The stage for Rachel Kavanaugh‘s production of this fine Alan Bennett play – a Leeds/Birmingham co-production twinned with Arthur Miller’s A View from the Bridge, which will travel in the opposite direction up the motorway – is filled with a massive crimson quadrant of staircase rising seemingly towards the heavens. At the play’s opening, George III’s sumptuously panoplied court makes its entrance from the top, for all the world like a panto’s walkdown finale. And sure enough, when the soundtrack cheers subside, the audience is found to be applauding before a word has been spoken.
It’s a point superbly made, and Francis O’Connor‘s handsome design constantly underscores this contrast Bennett draws between the luridly coloured antics of the court – egged on by Stewart Wright‘s gloriously foppish and petulant Prince of Wales, desperate to shepherd in a regency of “style” – and the dour fustian of the politicians and medics who wrestle with the implications and consequences of the king’s increasingly bizarre behaviour.
It might be thought that a reign which encompassed regular wars against France and Spain, the loss of the American colonies, the introduction of a national income tax for the first time anywhere in the world and the drawing up of the rules of cricket would be enough to shake the equilibrium of any monarch. As George III’s bunch of quacks, Timothy Kightley, Tony Turner and Ian Barritt are reminiscent of the Marx Brothers, constantly peering into his urine, examining his faeces and taking his pulse, only to compound with useless nostrums the agonies of a man suspected by modern medicine to have been a victim of porphyria.

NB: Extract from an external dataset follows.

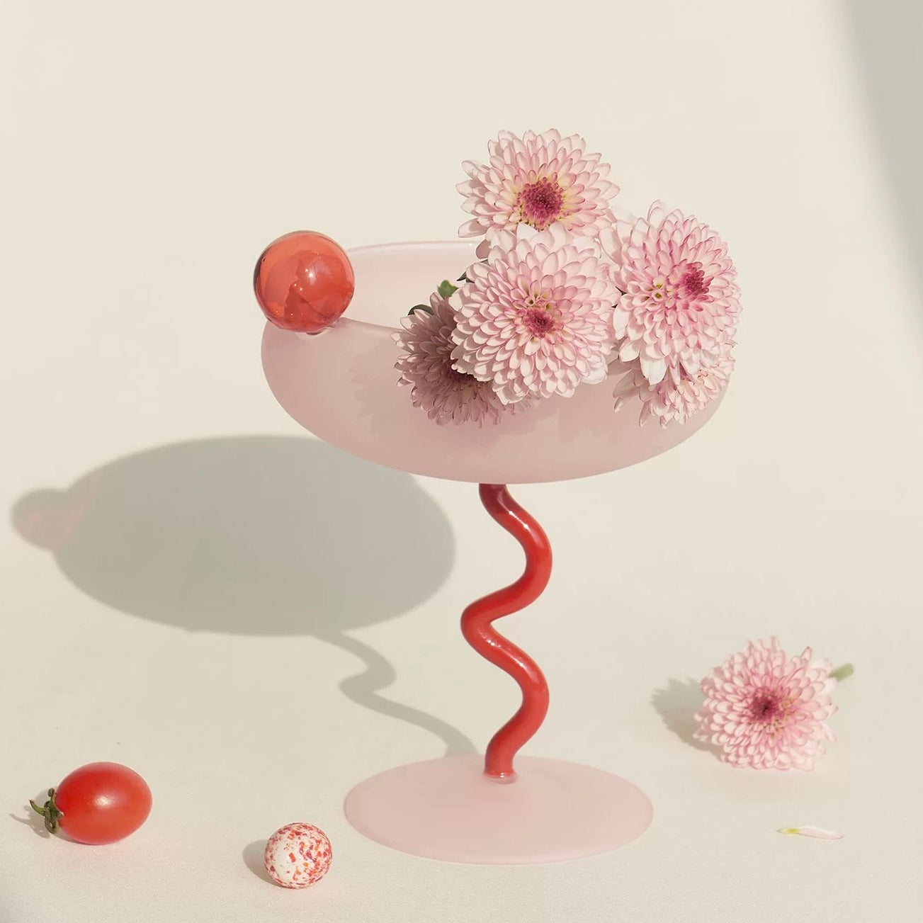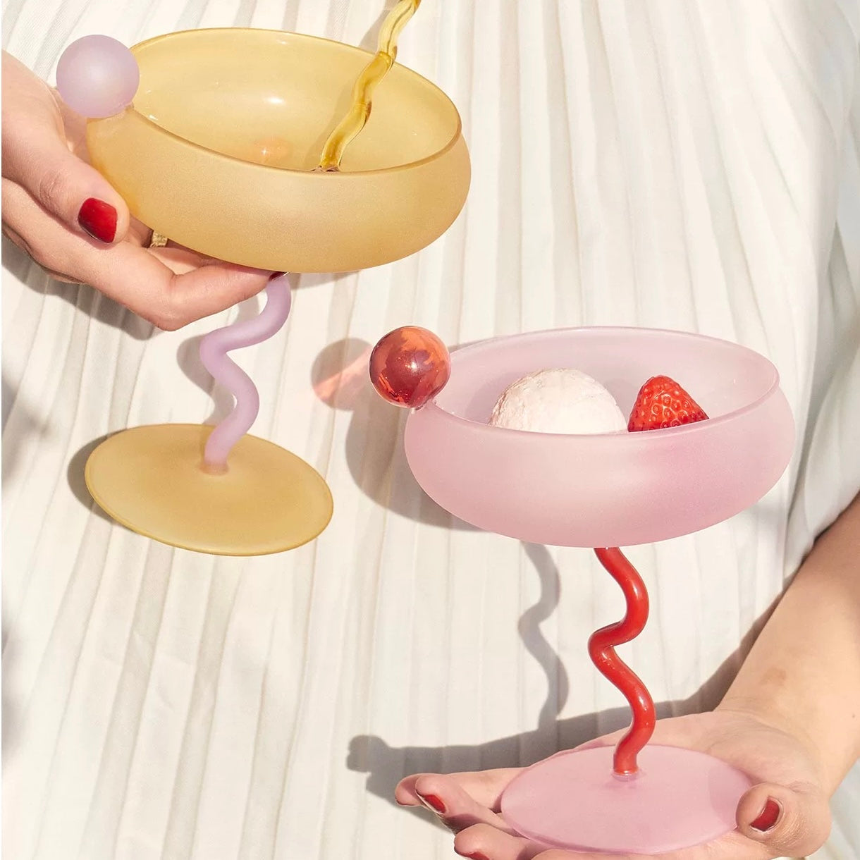 Brighten your cocktail ritual with the Solar Swirl Coupe, curated from Soremo. Each glass is mouth‑blown in two vibrant gradient finishes—sun‑washed yellow fading to lilac or rosy pink blending into coral—and supported by a playful, hand‑sculpted spiral stem topped with a contrasting glass sphere.

Willis, the sinister priest-turned-medic (a distinctly menacing Ken Drury), prefers horse-breaking techniques and is fortunate to coincide with a remission in the king’s illness. Meanwhile, Pitt the Younger (Paul Raffield displaying political chicanery as to New Labour born) fights to maintain that the king is not mad but indisposed, aware that an incoming regency under the Prince of Wales would mean the death of his government.
Michael Pennington‘s George III is a towering performance. As a king with all the trimmings, he’s imperious but benevolent, keenly aware of the failings that led him to lose the colonies yet in full control of his own domain. He struggles manfully to understand and to master his illness, which starts with a stammer, eventually developing into a gibber and total mental and physical incontinence. Yet, even as he succumbs, Pennington is simultaneously entirely credible as a man with his intellect intact despite the delinquency of his body. It is an enormously delicate portrayal and very moving indeed.
Strict historical accuracy is not one of Bennett’s major concerns, which means he can trick out this well-constructed piece with plenty of characteristic quips and wordplay. He does justice to his subject, and this strongly cast production does him full credit.